OREANDA-NEWS. The third unit at Fortum's Nyagan Power Plant has passed comprehensive and certification tests that precede commissioning. Fortum plans to start the commercial operation of the unit by the end of 2014. Capacity payments under the Russian government's Capacity Supply Agreement (CSA) for 418 megawatts (MW) are scheduled start as of 1 January 2015.

During the testing period, the unit operated for 72 hours at maximum load. After the comprehensive tests, the power plant began certification tests to confirm the unit's technical parameters. Certification was passed successfully. The unit was thereby finalised 15 months ahead of the CSA-projected schedule. Nyagan 1 has been in commercial operation since 1 April 2013 and Nyagan 2 since 1 December 2013. Construction of the power plant began in 2008.  
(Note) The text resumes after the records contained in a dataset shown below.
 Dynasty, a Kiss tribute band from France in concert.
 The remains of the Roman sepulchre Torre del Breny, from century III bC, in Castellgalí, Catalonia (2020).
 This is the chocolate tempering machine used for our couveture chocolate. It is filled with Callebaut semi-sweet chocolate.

The Nyagan Power Plant that has now been completed in the oil and gas rich Russian Khanty-Mansiysk Automonous Region in Western Siberia was Fortum's largest green-field investment project in the 2000's. With a power generation capacity of over 1,260 MW, it is also Russia's most modern thermal power plant and the country's biggest combined-cycle gas turbine (CCGT) facility in decades. The power plant features the most advanced available thermal generation technologies and is unrivaled in efficiency for its class in Russia.
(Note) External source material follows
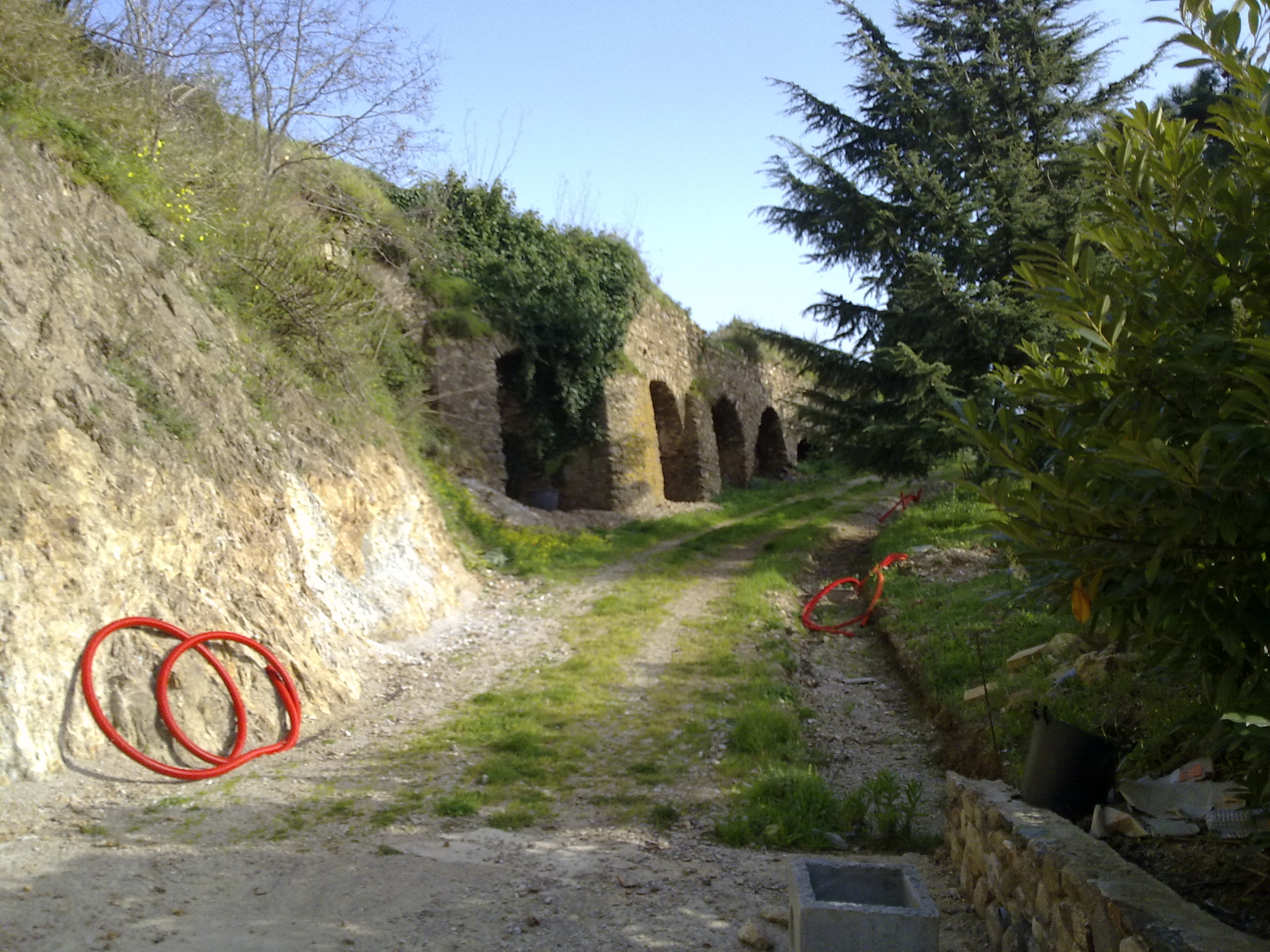 Aqueduct of Maida, Italy

With the Nyagan project successfully completed, Fortum once again demonstrates its commitment to fulfill its extensive 2,500-MW investment program that will have nearly doubled the company's power generation capacity in Russia once finalised in 2015. Fortum now focuses on the completion of the programme's last two remaining new units that are being built at the Chelyabinsk GRES power plant. The two units will add close to 500 MW's of new power generation capacity and 350 MW's of heat production capacity to support the demand from the local metals and heavy machinery industries in the Urals region.